WORK TO BE COMPLETED> Copy everything in the records, character for character, except images.
----- DATA
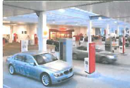
Munich Detmoldstraße 2007
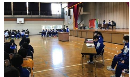
【活発に意見を出し合った児童総会】
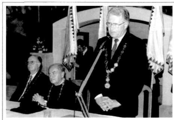
Jogi doktorok avatása az 1990-es években

A miskolci jogi képzés kedvezően hatott a jogi oktatás egészére: a nappali tagozat aránya országosan 38,5%-ról 58,8%-ra emelkedett. Ezen belül a budapesti kar részvételi aránya 52,3%-ról 36%-ra csökkent, tehát a vidék szempontjából kívánatos átalakulás is megtörtént. Teljesült a regionális szintű elvárás is, a nappali hallgatók 80%-a tartósan a vonzáskörbe tartozó megyékből jelentkezett.
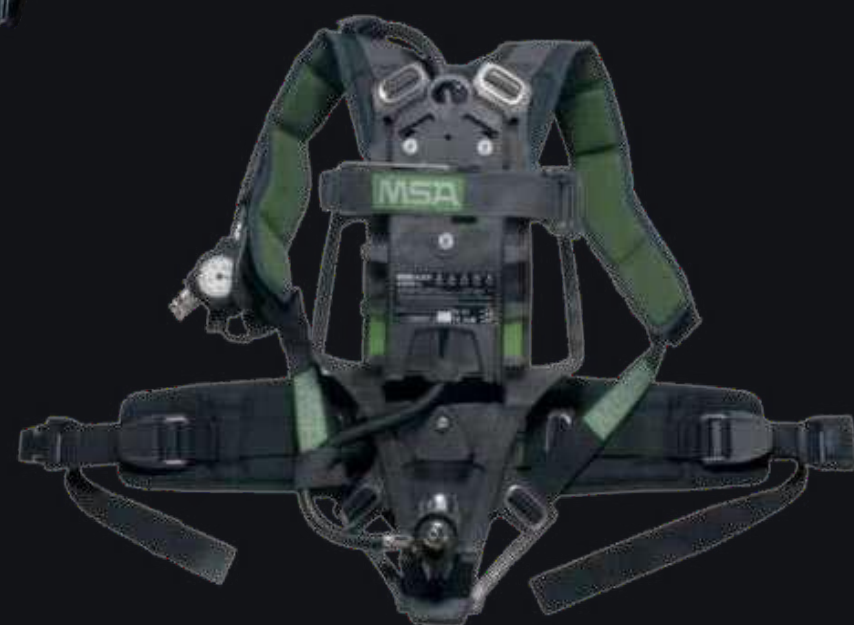
Дыхательный аппарат AIRGO
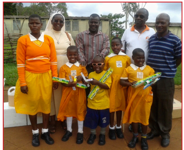
Päť nevidiacich detí, ktorým bolo zaplatené školné zo zbierky.
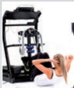
Sit-up-Vorrichtung für Bauchübungen.
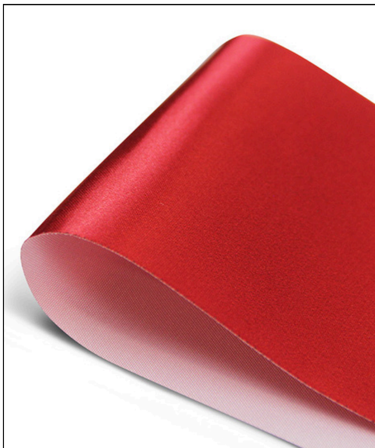
Атлас 140 гр./кв.м.
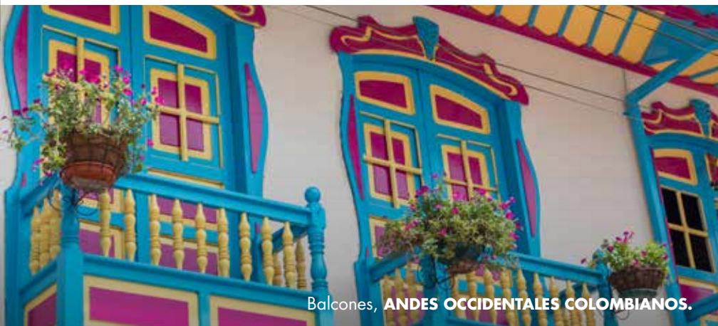
Balcones, ANDES OCCIDENTALES COLOMBIANOS.

Son lugares icónicos de la capital caldense.
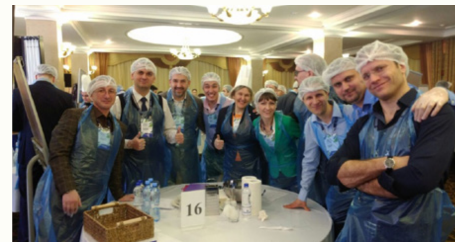
Шуточный кулинарный конкурс

В целом конкурс безусловно ценен и полезен как для страны, так и для участников. Многие победители прошлого года получили назначения на различные высокопоставленные посты в государственных органах: к примеру, в Минэнерго один победитель конкурса 2017 года стал заместителем министра, второй – начальником департамента.
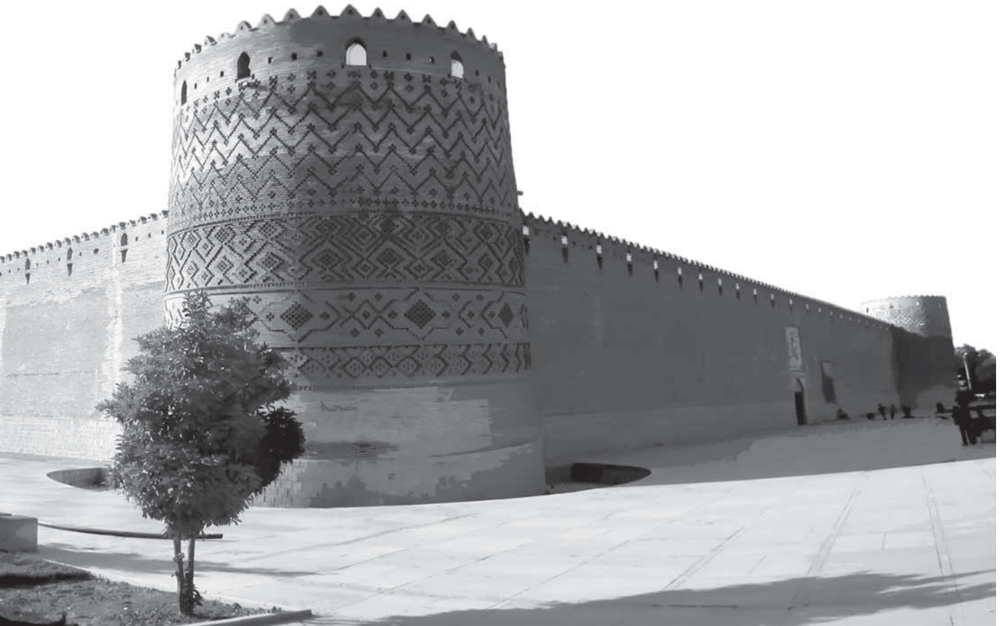
ارگ کریم خان، شیراز

در هر حال باتوجه به دلایلی که ذکر کردیم، کریم‌خان «تدمیر عمرپاشا و تسخیر اُم‌البلاد بصره و دارالسلام بغداد و سایر ولایات تابعه او را پیشنهاد همت والا فرمودند.» و چون از رفت و آمد سفرها نیز نتیجه‌ای حاصل نشد، خان زند سپاهی بزرگ را به فرماندهی برادرش صادق‌خان مأمور تصرف بصره کرد.
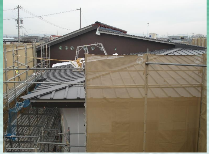
2.12 撮影 (屋根工事風景)
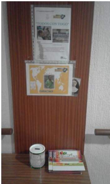
Carteles y hucha en Pozuelo
----------
EXERCISE RESPONSE>
Munich Detmoldstraße 2007
【活発に意見を出し合った児童総会】
Jogi doktorok avatása az 1990-es években

A miskolci jogi képzés kedvezően hatott a jogi oktatás egészére: a nappali tagozat aránya országosan 38,5%-ról 58,8%-ra emelkedett. Ezen belül a budapesti kar részvételi aránya 52,3%-ról 36%-ra csökkent, tehát a vidék szempontjából kívánatos átalakulás is megtörtént. Teljesült a regionális szintű elvárás is, a nappali hallgatók 80%-a tartósan a vonzáskörbe tartozó megyékből jelentkezett.
Дыхательный аппарат AIRGO
Päť nevidiacich detí, ktorým bolo zaplatené školné zo zbierky.
Sit-up-Vorrichtung für Bauchübungen.
Атлас 140 гр./кв.м.
Balcones, ANDES OCCIDENTALES COLOMBIANOS.

Son lugares icónicos de la capital caldense.
Шуточный кулинарный конкурс

В целом конкурс безусловно ценен и полезен как для страны, так и для участников. Многие победители прошлого года получили назначения на различные высокопоставленные посты в государственных органах: к примеру, в Минэнерго один победитель конкурса 2017 года стал заместителем министра, второй – начальником департамента.
ارگ کریم خان، شیراز

در هر حال باتوجه به دلایلی که ذکر کردیم، کریم‌خان «تدمیر عمرپاشا و تسخیر اُم‌البلاد بصره و دارالسلام بغداد و سایر ولایات تابعه او را پیشنهاد همت والا فرمودند.» و چون از رفت و آمد سفرها نیز نتیجه‌ای حاصل نشد، خان زند سپاهی بزرگ را به فرماندهی برادرش صادق‌خان مأمور تصرف بصره کرد.
2.12 撮影 (屋根工事風景)
Carteles y hucha en Pozuelo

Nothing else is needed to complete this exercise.